RECORDS FOR THE TASK:
= Beginning of Section =

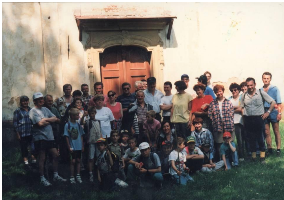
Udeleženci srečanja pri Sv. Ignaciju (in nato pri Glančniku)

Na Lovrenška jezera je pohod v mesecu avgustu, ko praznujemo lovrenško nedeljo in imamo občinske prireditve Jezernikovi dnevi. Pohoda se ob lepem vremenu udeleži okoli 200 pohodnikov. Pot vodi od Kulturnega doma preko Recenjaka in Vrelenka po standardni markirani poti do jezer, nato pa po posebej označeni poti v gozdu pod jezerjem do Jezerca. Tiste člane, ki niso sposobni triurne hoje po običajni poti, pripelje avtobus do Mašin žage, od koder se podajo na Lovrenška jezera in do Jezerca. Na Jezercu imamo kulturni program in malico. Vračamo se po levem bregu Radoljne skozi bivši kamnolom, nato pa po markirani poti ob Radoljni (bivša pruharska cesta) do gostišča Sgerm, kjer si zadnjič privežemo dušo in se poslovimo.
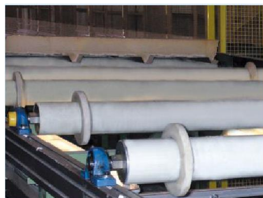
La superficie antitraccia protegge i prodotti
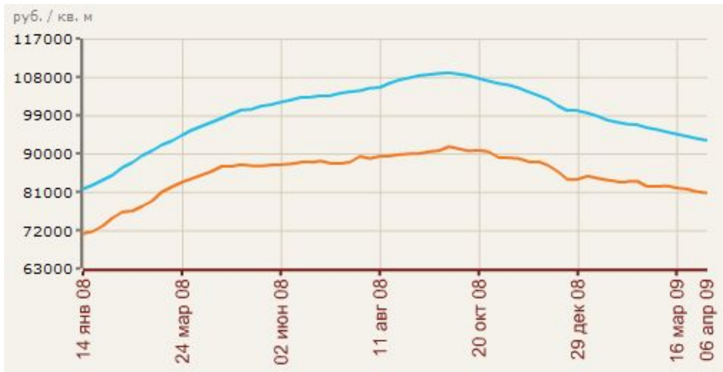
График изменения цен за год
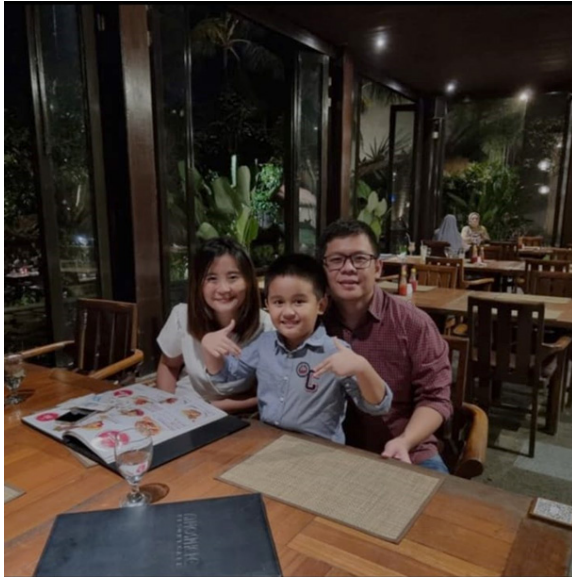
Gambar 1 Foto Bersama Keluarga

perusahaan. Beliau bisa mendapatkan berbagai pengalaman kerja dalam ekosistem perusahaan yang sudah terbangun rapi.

= End of Section =
= Beginning of Section =

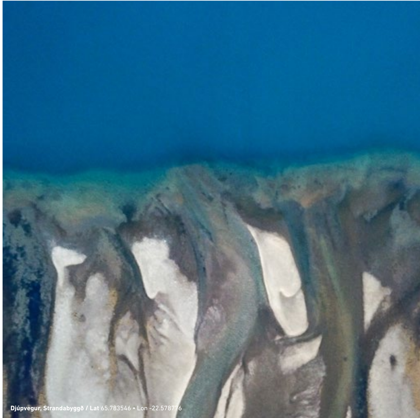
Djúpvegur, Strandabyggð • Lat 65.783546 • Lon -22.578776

= End of Section =
= Beginning of Section =

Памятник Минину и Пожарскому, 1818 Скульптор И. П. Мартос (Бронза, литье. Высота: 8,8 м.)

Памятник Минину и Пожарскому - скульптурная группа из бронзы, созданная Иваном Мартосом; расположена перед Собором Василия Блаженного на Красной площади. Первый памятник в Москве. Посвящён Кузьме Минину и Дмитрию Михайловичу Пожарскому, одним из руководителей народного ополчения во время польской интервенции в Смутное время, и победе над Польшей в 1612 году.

= End of Section =

Transcribe, exactly and without pictures, everything in the data from the line with "La superficie antitraccia protegge i prodotti" down to the line with "perusahaan. Beliau bisa", both included.

RESULT:
La superficie antitraccia protegge i prodotti
График изменения цен за год
Gambar 1 Foto Bersama Keluarga

perusahaan. Beliau bisa mendapatkan berbagai pengalaman kerja dalam ekosistem perusahaan yang sudah terbangun rapi.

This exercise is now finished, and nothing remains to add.